Journée à Arcachon. Je suis parti par un train de plaisir. La multitude, surtout la foule de gens du peuple est incroyable. Ils ont un besoin étonnant de changement ; quel contraste que la vie moderne si agitée, si remplie, si diversifiée, avec la vie collée au sol du Moyen âge ! Plus on y pense, plus on y voit une transformation complète de la tête humaine. Les grandes passions persistantes et acharnées, les coups de foudre deviennent rares ou impossibles. Figurez-vous, par contraste, un tisserand d’une cave de Bruges au XVe siècle devenant lollard, ou un paysan comme on en trouve encore en Bretagne. — Et celui-là, aujourd’hui, a la conscription !

Dans le wagon, plusieurs types de femmes : une mère, amoureuse de son fils, peut-être parce qu’elle n’a pas eu l’assouvissement de son cœur dans le mariage ; elle le gâte, elle l’appelle tout haut mon bijou, mon chéri, elle le caresse de la main, elle lui pose la main sur le genou, elle le couve encore, et il a dix-huit ans ! Elle ne songe qu’à un point : lui voir de bonnes manières et le garder le plus longtemps possible auprès d’elle : elle veut qu’il fasse sa première année de droit à Bordeaux ; lui, veut Paris tout de suite et donne pour raison qu’il désire concourir pour le grand prix de Droit de Paris. — C’est un flâneur blême, lymphatique, habitué aux flatteries, répondant d’un ton sec, et écartant les caresses de sa mère comme on fait d’un insecte importun. Il est désolé d’avoir oublié son lorgnon, conte qu’il a fait une expérience avec du nitrate d’argent sur la main d’une femme de chambre pour voir si la peau deviendrait noire…

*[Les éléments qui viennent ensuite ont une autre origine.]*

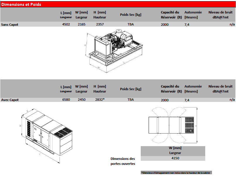 Température gaz d’échappement (50 Hz/Prime) [°C]N/A
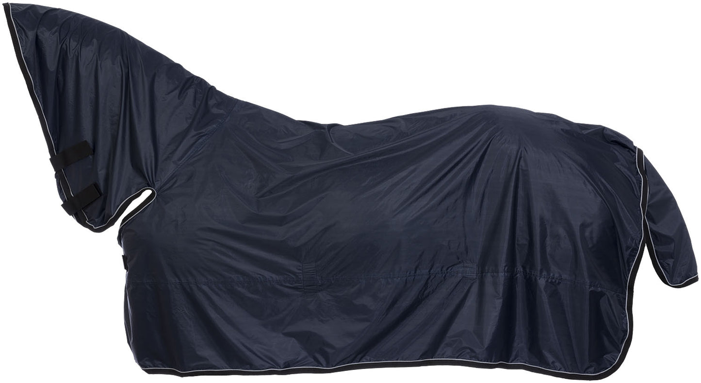 This is a great sheet for keeping your horse dry whether at the hitching post while camping or at the trailer during a show. The lightweight, breathable material is ideal for summer or fall. It can even be put on while your horse is saddled to keep the saddle dry while waiting for your class or to head out on the trails. It's made of 320D poly material with adjustable quick grip front closure, and the attached neck cover has two adjustable quick grip closures and a quick grip halter loop to help keep the neck cover in place.
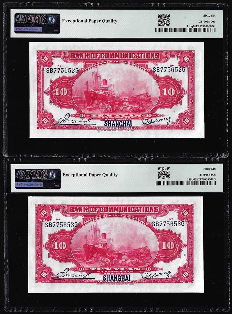 One (2) Consec. 1914 China Bank of Communications 10 Yuan Notes PMG Gem Uncirculated 66EPQ. PMG Certified.
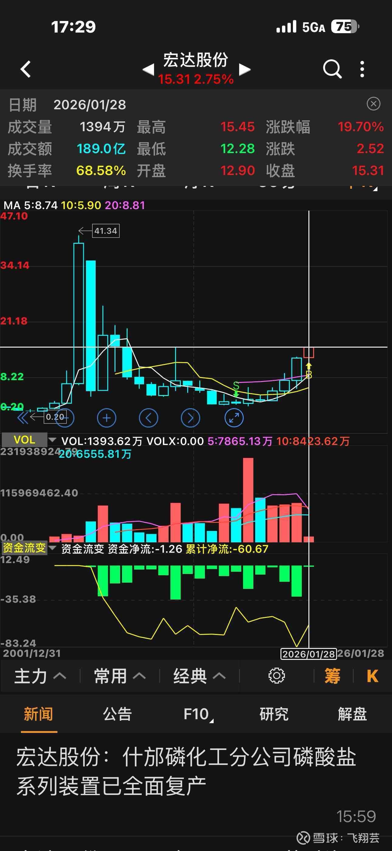 今天,宏达股份突破了15元。难得啊!我去年中大幅建仓的时候,当时一直就推测,拿到采矿证可能会上15块,但是叠加近半年来的金价\铜价暴涨,在没有拿到采矿证就已经上了15元了。这样的话,拿到采矿证突破20的概率还是很大。但是介于个人的操作习惯,达到预期目标就会减仓了。...
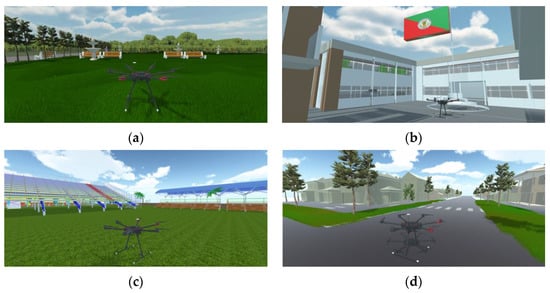 Virtual scenarios developed for the execution of trajectory tracking tasks, all related to real life. (a) Park Scenario; (b) Educational Center Scenario; (c) Stadium Scenario; (d) Neighborhood Scenario.
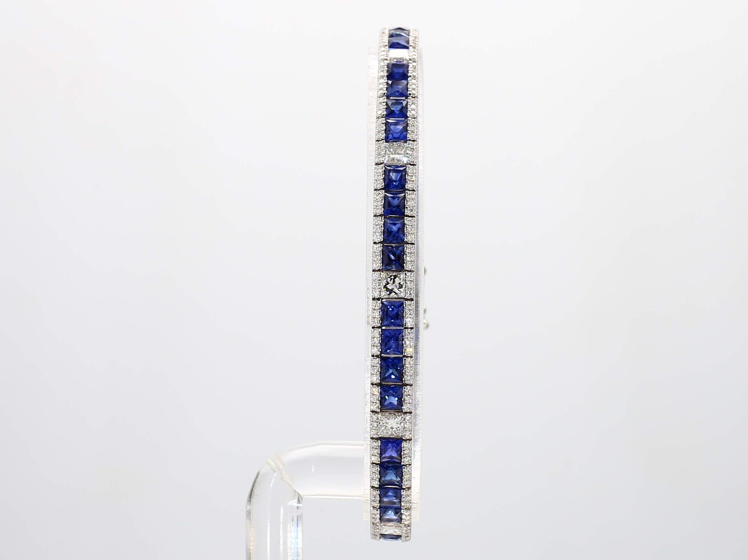 PRINCESS CUT SAPPHIRE & PRINCESS CUT & ROUND DIAMOND 14KW BRACELET

À côté de lui, une cousine de vingt-huit ans, point riche, non mariée, irritée de ne pas l’être, attentive aux toilettes, ayant l’expérience de la parole, sachant tourner un compliment, femme du monde en disponibilité et très belle, le menton grec, le nez parfaitement pur et droit, de beaux yeux noirs qui nagent dans un fluide bleuâtre, des mains blanches, des ongles soignés : une maîtresse femme qui a manqué son coup. Plus on avance vers le Midi, plus la femme devient incapable de timidité, de pudeur rougissante, de réserve délicate. Ce sont des hommes.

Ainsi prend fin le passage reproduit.